_Task brief_
The required answer is the run of lines from the one holding "5月16号一大早,1701班" to the end of the data below, copied exactly and free of pictures.

_Supplied data_
*** Block opens ***

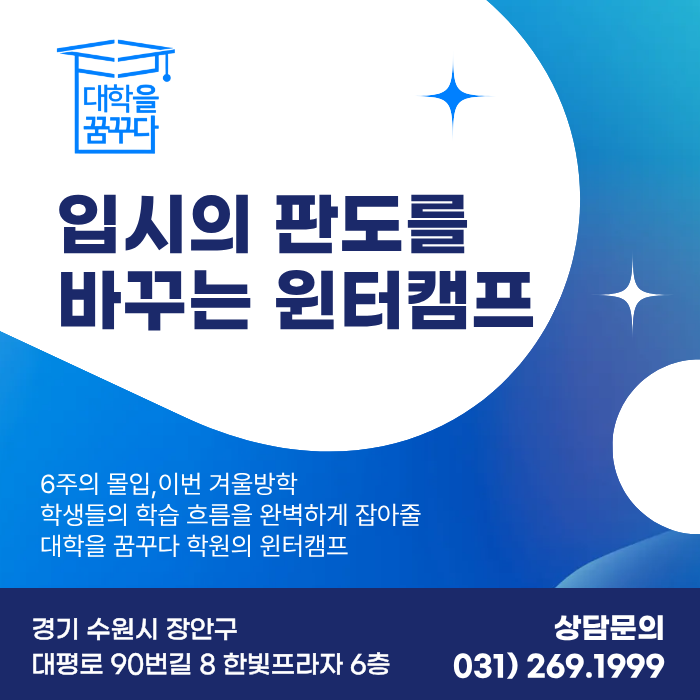 빠르게 변화하는 입시제도, 1-2점 차이로 좌우되는 대학입시! "대학을 꿈꾸다 학원"에서 상담 받고 꿈꾸는 대학에 진학하세요! 차가운 겨울 공기가 느껴지는 요즘, 학생들의 성장을 위해 가장 뜨거운 시간을 준비했습니다. 이번 겨울방학, 학생들의 학습 흐름을 완벽하게 잡아줄 대학을 꿈꾸다 학원의 윈터캠프 소식을 상세히 전해드려요. 6주의 완벽한 루틴, 수원에서 누리는 기숙 학원급 몰입 환경 대학을 꿈꾸다 학원의 윈터캠프는 1월 12일부터 2월 28일까지 진행되며(설 연휴 제외), 학생들의 학습 밀도를 극대화하는 긴 호흡의 루틴으로 설계되었습니다. 학습 루틴 월~금 오전 8시 40분 등원 후 밤 10시까지 정규 수업과 자기주....... <img src="https://blogthumb.pstatic.net/MjAyNTEyMjlfOTQg/MDAxNzY2OTc0NTQ2MTQ4.dXvEtb9NADcHSG1nZWOhGIQkFv4dISpwRWMoGLQMrqsg.pcXqpPCLBGdZEiOOtqNq9pOS06u-LiMp3UmBU1qvyNsg.PNG/%B9%E9%BC%B3%B8%B6%C0%BB_%B5%CE%B0%DF%B8%B6%C0%BB_%BF%AC%B2%C9%B8%B6%C0%BB_%B0%DC%BF%EF%B9%E6%C7%D0%C7%D0%BF%F8_%281%29.png?type=s3" />
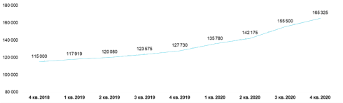 На протяжении нескольких последних лет на рынке новостроек ТиНАО отслеживается положительная динамика средних цен. К концу 2020 года средневзвешенный показатель достиг 165 тыс. руб. за кв. м. Рост за год составил 29,4% (за квартал – 6,3%). Вырос и бюджет предложения, в декабре средняя стоимость квартиры составила 8,76 млн руб. относительно предыдущего квартала показатель вырос на 5,2%, относительно 2019 года – на 25,6%.
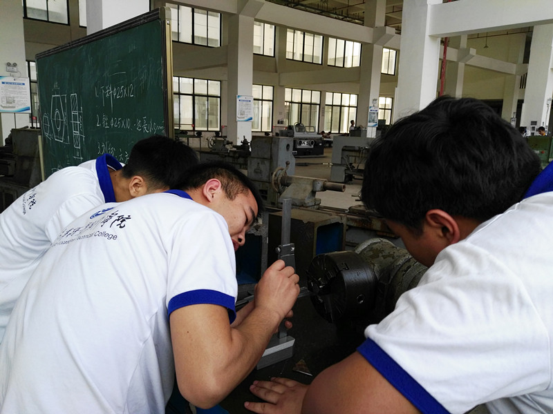 5月16号一大早,1701班的同学们精神抖擞地着工装准时进入实训中心,听从实训老师的分组安排。本周实习共分为四组:焊工组、车工组、铣工组、钳工组,轮流实训,每天一换,最后一天强化训练。由于实操成绩在技能高考中分值高达340分,学生动手积极性比较高,班主任和指导老师在检查过程中有不少同学主动拿着自己做的工件给老师看。
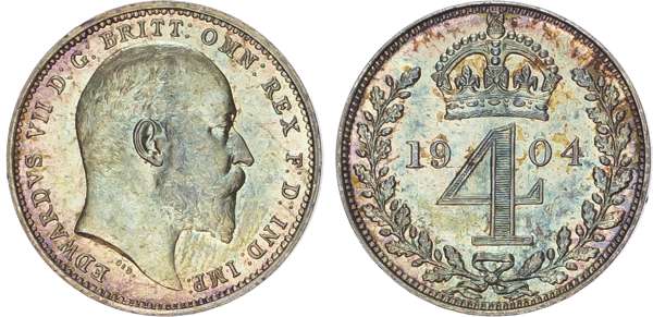 Edward VII (1901-1910) Maundy Set, 1904, Fourpence, Threepence, Twopence, Penny.

*** Block closes ***

_Task result_
 5月16号一大早,1701班的同学们精神抖擞地着工装准时进入实训中心,听从实训老师的分组安排。本周实习共分为四组:焊工组、车工组、铣工组、钳工组,轮流实训,每天一换,最后一天强化训练。由于实操成绩在技能高考中分值高达340分,学生动手积极性比较高,班主任和指导老师在检查过程中有不少同学主动拿着自己做的工件给老师看。
 Edward VII (1901-1910) Maundy Set, 1904, Fourpence, Threepence, Twopence, Penny.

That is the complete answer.